MARION HILL

P. Djeli Clark has jumped on my list of authors that I must read regularly. He has become a part of that exclusive club, which includes Jonathan Carroll, Charles de Lint, Percival Everett, Guy Gavriel Kay, & Haruki Murakami. I have read multiple works by the aforementioned authors and Clark has found his place amongst this special company.

I have really enjoyed the Dead Djinn Universe series of stories that include the novel, A Master of Djinn and the novella, The Haunting of Tram Car 015. A Dead Djinn in Cairo is the original short story that begins the series and introduces us to Fatma el-Sha’arawi, the youngest woman working for the Ministry of Alchemy, Enchantments and Supernatural Entities in an alternate Cairo, Egypt.

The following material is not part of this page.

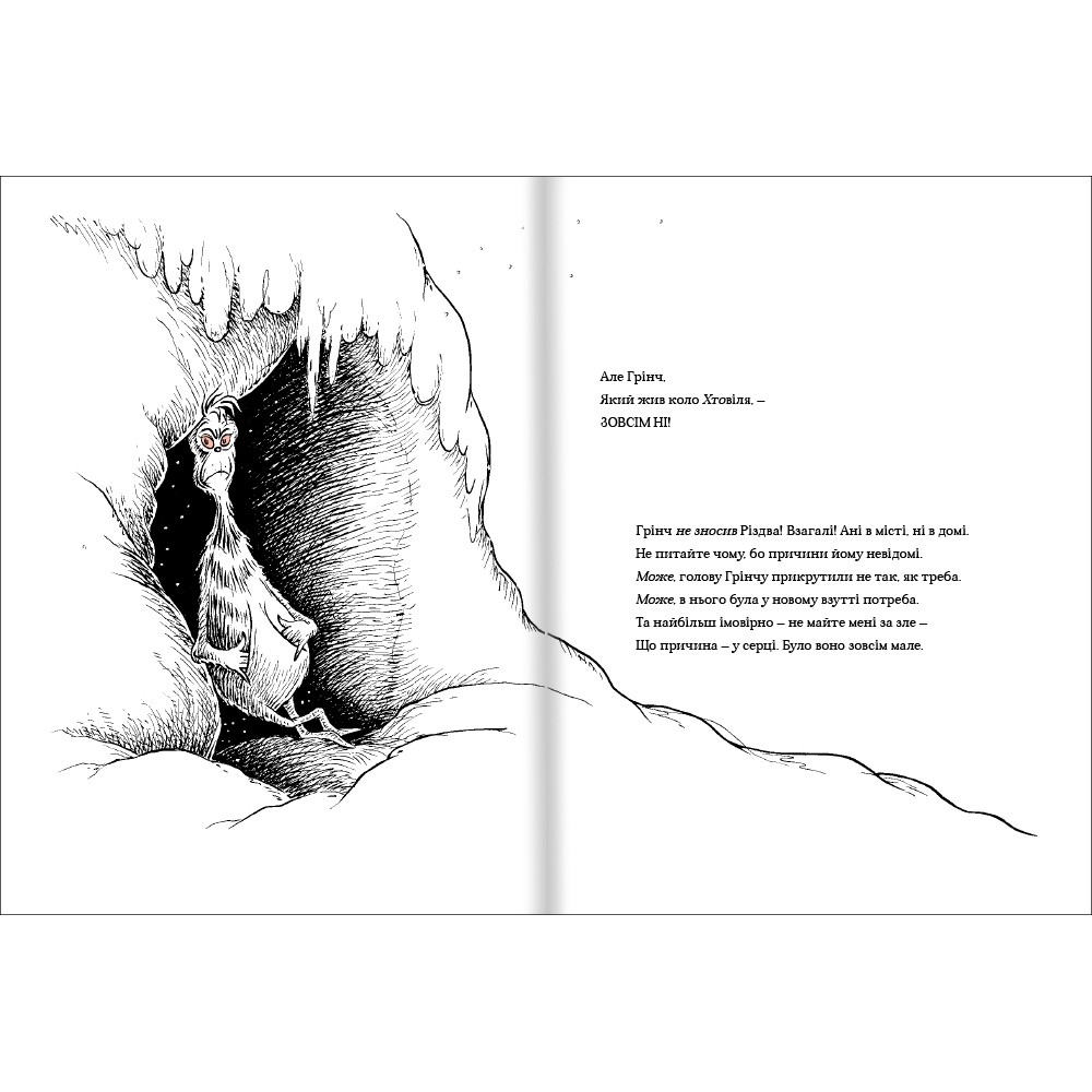 Українською книжка вийшла у перекладі Мар'яни Кіяновської з авторськими ілюстраціями Доктора Сьюза. «Про Грінча, який украв Різдво» сподобається читачам від трьох років.

Investigating a djinn’s murder, Fatma is drawn into a world of necromancy, otherworldly realms, and journeys across the space-time continuum. This post-colonial Cairo was a vibrant, chaotic mix of humanity and the unseen, where djinns, angels, and ghouls walked among humans, creating an unsettling harmony. The author solves the murder effectively, establishing the foundation for the rest of the series.

Clark has written a fantastic and original fantasy series that deserves to reach more readers and injects new life into my favorite genre. I hope he continues to write stories in this fictional world and it will go down as one of my favorite fantasy series. Bravo, P. Djeli Clark!